Work request: Set down again, exactly and only, the lines from the one that contains "오늘 미래에셋 모든계좌를 조회해보니 빨개요. 얼마만에 보는 빨갱..." through the last line of the records below, both included, but not the pictures.

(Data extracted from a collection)
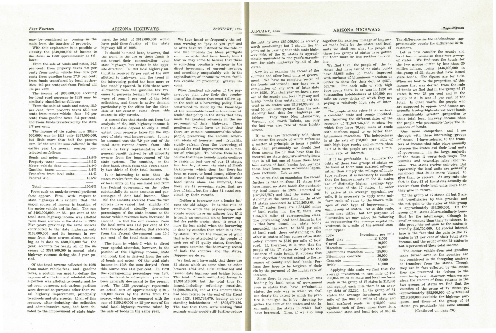 When fanatical advocates of the pay-as-you-go plan utter their dire prophecies of the disaster that must follow upon the heels of a borrowing policy, I am constrained to doubt by the knowledge of the remarkable benefits that have attended that policy in the states that have made the greatest advances in the improvement of their highways. These gentlemen would have us believe that there are certain commonwealths whose people, preserving the ancient American ideals of honesty and frugality, rigidly refrain from the borrowing of capital for road improvement as a matter of principle. To believe them is to believe that these homely ideals continue to reside in just one of our 48 states, for there is just one the state of North Dakota, in which thus far there has been no resort to bond issues, either for state or local road improvement. If state bond issues alone are immoral, then there are 17 sovereign states that are free of taint, but the other 31 stand convicted by their records.
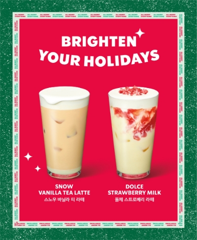 ‘스노우 바닐라 티 라떼’는 잉글리시 브렉퍼스트 티와 얼 그레이 티가 어우러진 블랙 티에 연유, 스노우 폼의 바닐라 풍미를 느낄 수 있는 음료다. 스노우 폼은 눈처럼 소복이 쌓아 올려 겨울의 감성을 표현했다.
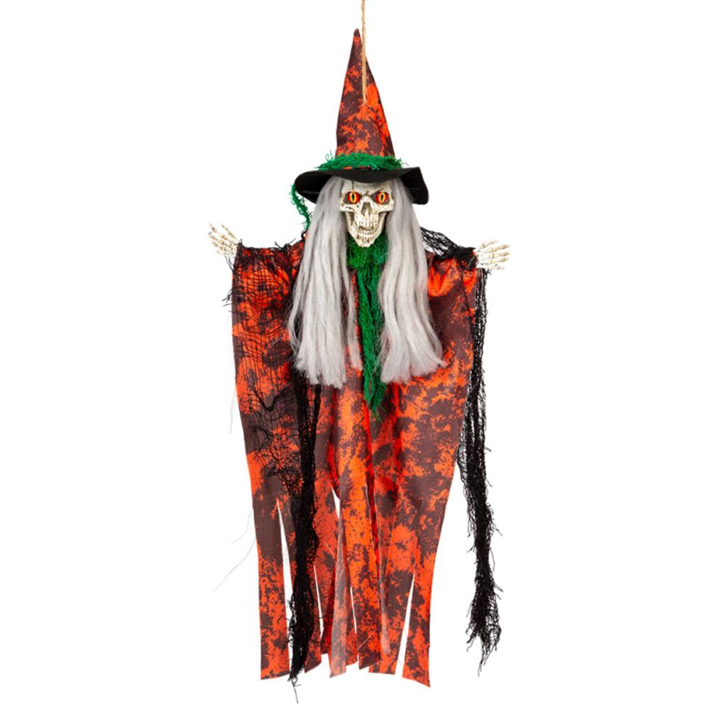 Hengende Heks 60 cm omfatter en hengende dekorasjon med en heks i skjelettform som har lysgrått hår og er kledd i en oransje og svart drakt og matchende heksehatt.
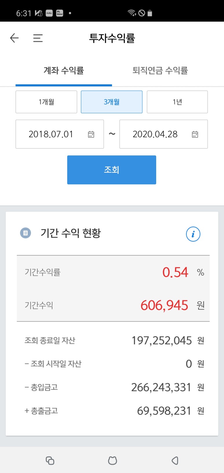 오늘 미래에셋 모든계좌를 조회해보니 빨개요. 얼마만에 보는 빨갱...
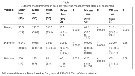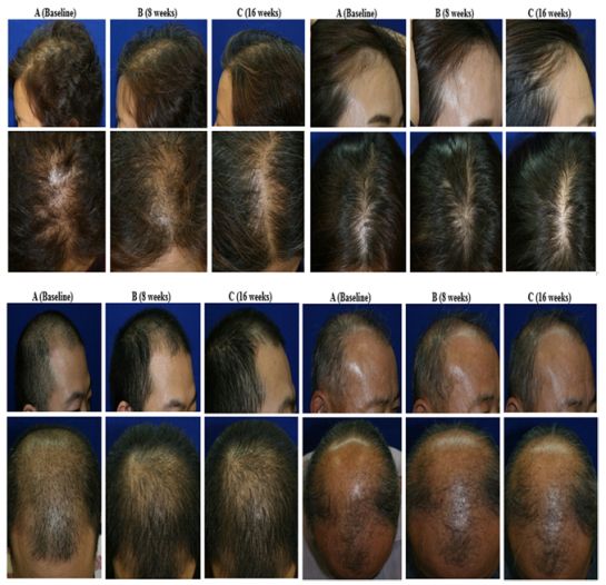12名雄激素性脫發(fā)患者(男性7名,女性5名),年齡18-60歲,脫發(fā)等級(jí)為男性Norwood III-IV級(jí)或女性Ludwig I-II級(jí)。接受胎盤(pán)干細(xì)胞外泌體的臨床研究,每14天一次,最多4次。

Written reply:
 오늘 미래에셋 모든계좌를 조회해보니 빨개요. 얼마만에 보는 빨갱...
12名雄激素性脫發(fā)患者(男性7名,女性5名),年齡18-60歲,脫發(fā)等級(jí)為男性Norwood III-IV級(jí)或女性Ludwig I-II級(jí)。接受胎盤(pán)干細(xì)胞外泌體的臨床研究,每14天一次,最多4次。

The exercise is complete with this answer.